Tuesday, October 21, 2014

Who wrote The Murder of Roger Ackroyd? Would Agatha Christie have made Marple and Poirot vouch for an unreliable narrator/murderer?

It is unlikely that the same personality who wrote most of Agatha Christie’s novels wrote this one, since both Caroline Sheppard (the prototype for Miss Marple) and Hercule Poirot are employed to establish the credibility of Dr. Sheppard, the narrator/murderer.

Caroline establishes his credibility by knowing him his whole life (they are siblings), and currently living with him, yet detecting nothing more about him than that he is “weak.” Poirot, through most of this novel, refers to him as a substitute Hastings, his former, trustworthy sidekick (like Sherlock Holmes’s Dr. Watson).

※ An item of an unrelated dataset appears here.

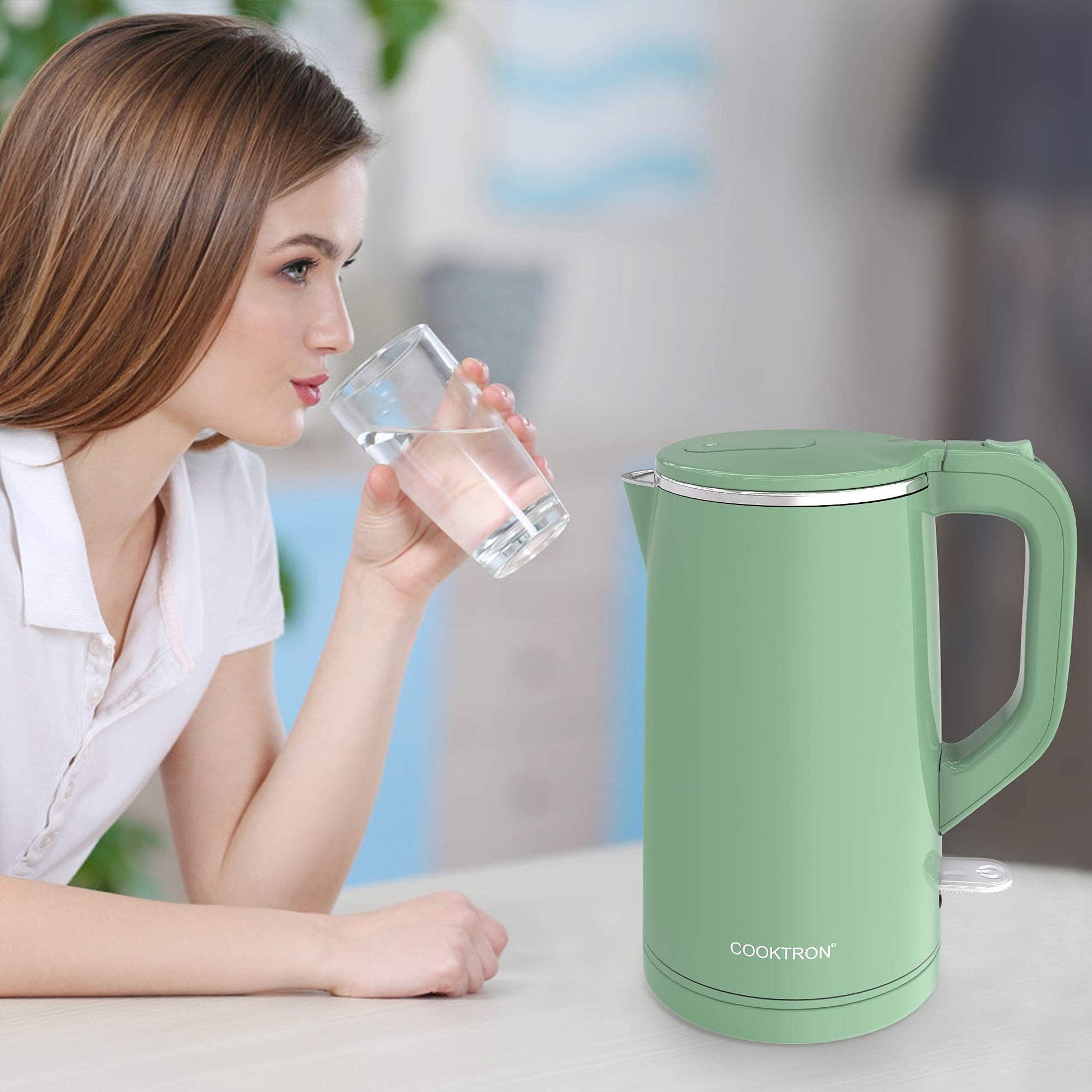 COOKTRON 1.7L Electric Kettle Quiet, Double Wall Hot Water Boiler BPA-Free, Quiet Boil and Cool Touch Tea Kettle, Cordless with Auto Shut-Off & Boil Dry Protection, 1500W Fast Boiling, Green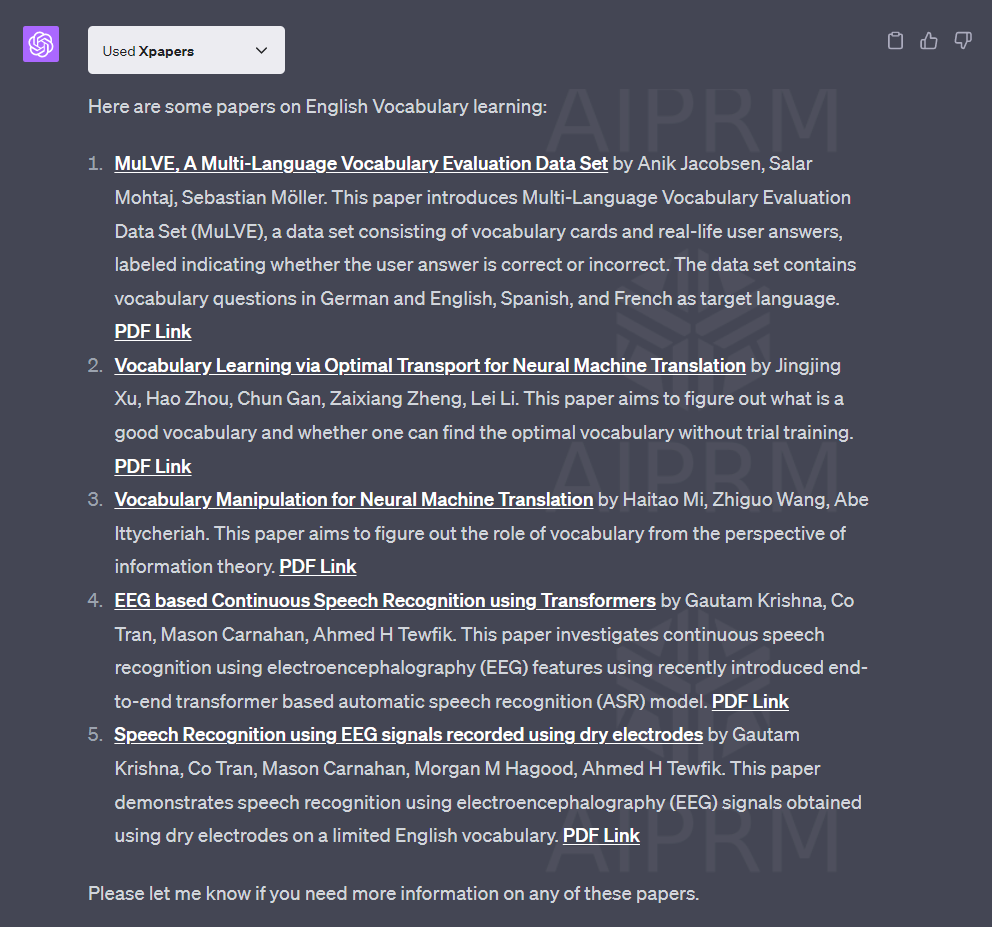 혹시나 해서 관련이 없어 보이는 English Vocabuary 에 관한 논문을 찾아달라고 하니, 바로 찾아줍니다. 다만, 수학 과학 쪽 논문이 위주다 보니, 언어학이나 인문학 쪽이 아닌, NLP쪽 논문을 링크해 줍니다.

Whose idea was it to write a detective novel with an unreliable narrator? It was suggested to Agatha Christie by two people. James Watts said, “Why not have a Watson do the murder?” And Lord Louis Mountbattan “did not merely offer the device but explained exactly how it should be used. Agatha very rarely took advice on her plots…And only she could have pulled it off so completely. Only she had the requisite control, the willingness to absent herself from the authorial scene and let the plot shine clear” (1, p. 155).

My theory is that, when these suggestions were made, they were responded to by one of Agatha Christie’s personalities who, ordinarily, would have taken the role of a villain. In short, this novel was mostly written by the Dr. Sheppard personality, just as it appears to be.

This is not to say that regular Agatha Christie did not also participate. For example, on the first page of the novel, she may have made Dr. Sheppard begin two sentences with the phrase “To tell the truth” (2), which implies that he is a liar.

1. Laura Thompson. Agatha Christie: An English Mystery. Headline Review, 2007.
2. Agatha Christie. The Murder of Roger Ackroyd: A Hercule Poirot Mystery [1926]. New York, Black Dog & Leventhal, [?].